>>>

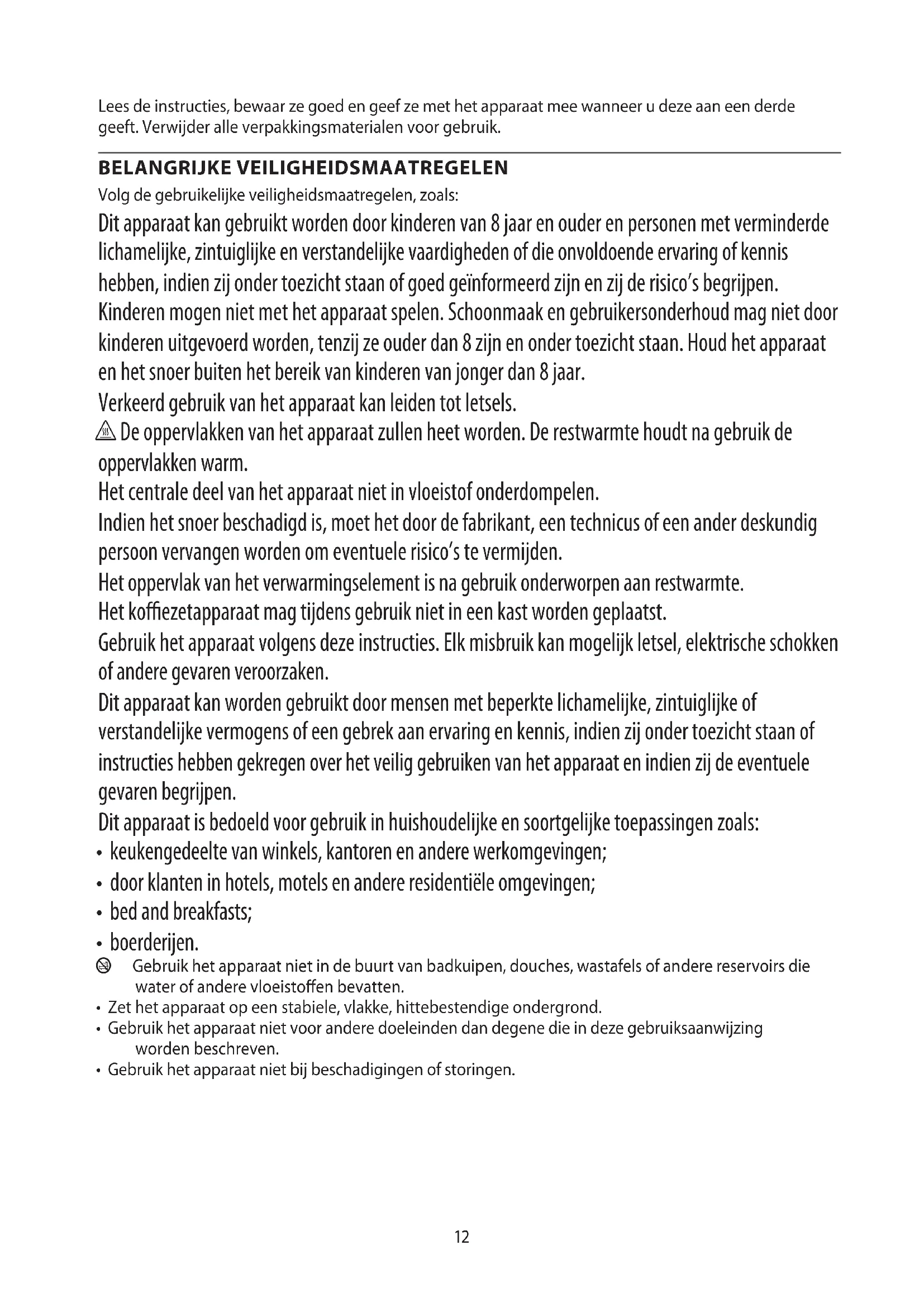 AE12 Lees de instructies, bewaar ze goed en geef ze met het apparaat mee wanneer u deze aan een derde geeft. Verwijder alle verpakkingsmaterialen voor gebruik. BELANGRIJKE VEILIGHEIDSMAATREGELEN Volg de gebruikelijke veiligheidsmaatregelen, zoals: Dit apparaat kan gebruikt worden door kinderen van 8 jaar en ouder en personen met verminderde lichamelijke, zintuiglijke en verstandelijke vaardigheden of die onvoldoende ervaring of kennis hebben, indien zij onder toezicht staan of goed geïnformeerd zijn en zij de risico’s begrijpen. Kinderen mogen niet met het apparaat spelen. Schoonmaak en gebruikersonderhoud mag niet door kinderen uitgevoerd worden, tenzij ze ouder dan 8 zijn en onder toezicht staan. Houd het apparaat en het snoer buiten het bereik van kinderen van jonger dan 8 jaar. Verkeerd gebruik van het apparaat kan leiden tot letsels. h De oppervlakken van het apparaat zullen heet worden. De restwarmte houdt na gebruik de oppervlakken warm. Het centrale deel van het apparaat niet in vloeistof onderdompelen. Indien het snoer beschadigd is, moet het door de fabrikant, een technicus of een ander deskundig persoon vervangen worden om eventuele risico’s te vermijden. Het oppervlak van het verwarmingselement is na gebruik onderworpen aan restwarmte. Het koezetapparaat mag tijdens gebruik niet in een kast worden geplaatst. Gebruik het apparaat volgens deze instructies. Elk misbruik kan mogelijk letsel, elektrische schokken of andere gevaren veroorzaken. Dit apparaat kan worden gebruikt door mensen met beperkte lichamelijke, zintuiglijke of verstandelijke vermogens of een gebrek aan ervaring en kennis, indien zij onder toezicht staan of instructies hebben gekregen over het veilig gebruiken van het apparaat en indien zij de eventuele gevaren begrijpen. Dit apparaat is bedoeld voor gebruik in huishoudelijke en soortgelijke toepassingen zoals:
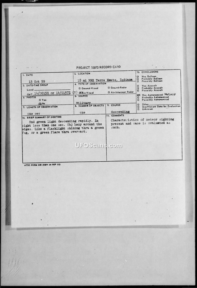 Project 10073 Record Card — 18 mi NNE Terre Haute, Indiana, 13 Oct 59
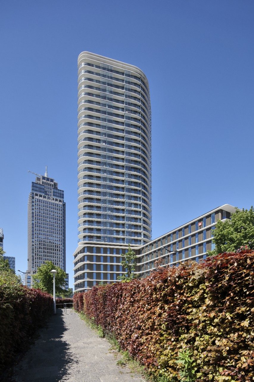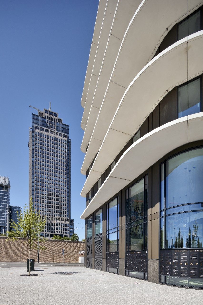 Het iconische silhouet van de toren is geïnspireerd op de ronde overkapping van het Amstelstation en versterkt de skyline van Amsterdam. De overkapping van de toren biedt buitenruimte, zonwering en geluidsbescherming voor de appartementen. Het ritme van de verticale elementen in de glazen gevel is zorgvuldig gesynchroniseerd met het ritme van de gevel van de grote stationshal.

<<<

> Work item
Write every line of the data out again exactly, leaving out all images.

> Response area
 AE12 Lees de instructies, bewaar ze goed en geef ze met het apparaat mee wanneer u deze aan een derde geeft. Verwijder alle verpakkingsmaterialen voor gebruik. BELANGRIJKE VEILIGHEIDSMAATREGELEN Volg de gebruikelijke veiligheidsmaatregelen, zoals: Dit apparaat kan gebruikt worden door kinderen van 8 jaar en ouder en personen met verminderde lichamelijke, zintuiglijke en verstandelijke vaardigheden of die onvoldoende ervaring of kennis hebben, indien zij onder toezicht staan of goed geïnformeerd zijn en zij de risico’s begrijpen. Kinderen mogen niet met het apparaat spelen. Schoonmaak en gebruikersonderhoud mag niet door kinderen uitgevoerd worden, tenzij ze ouder dan 8 zijn en onder toezicht staan. Houd het apparaat en het snoer buiten het bereik van kinderen van jonger dan 8 jaar. Verkeerd gebruik van het apparaat kan leiden tot letsels. h De oppervlakken van het apparaat zullen heet worden. De restwarmte houdt na gebruik de oppervlakken warm. Het centrale deel van het apparaat niet in vloeistof onderdompelen. Indien het snoer beschadigd is, moet het door de fabrikant, een technicus of een ander deskundig persoon vervangen worden om eventuele risico’s te vermijden. Het oppervlak van het verwarmingselement is na gebruik onderworpen aan restwarmte. Het koezetapparaat mag tijdens gebruik niet in een kast worden geplaatst. Gebruik het apparaat volgens deze instructies. Elk misbruik kan mogelijk letsel, elektrische schokken of andere gevaren veroorzaken. Dit apparaat kan worden gebruikt door mensen met beperkte lichamelijke, zintuiglijke of verstandelijke vermogens of een gebrek aan ervaring en kennis, indien zij onder toezicht staan of instructies hebben gekregen over het veilig gebruiken van het apparaat en indien zij de eventuele gevaren begrijpen. Dit apparaat is bedoeld voor gebruik in huishoudelijke en soortgelijke toepassingen zoals:
 Project 10073 Record Card — 18 mi NNE Terre Haute, Indiana, 13 Oct 59
 Het iconische silhouet van de toren is geïnspireerd op de ronde overkapping van het Amstelstation en versterkt de skyline van Amsterdam. De overkapping van de toren biedt buitenruimte, zonwering en geluidsbescherming voor de appartementen. Het ritme van de verticale elementen in de glazen gevel is zorgvuldig gesynchroniseerd met het ritme van de gevel van de grote stationshal.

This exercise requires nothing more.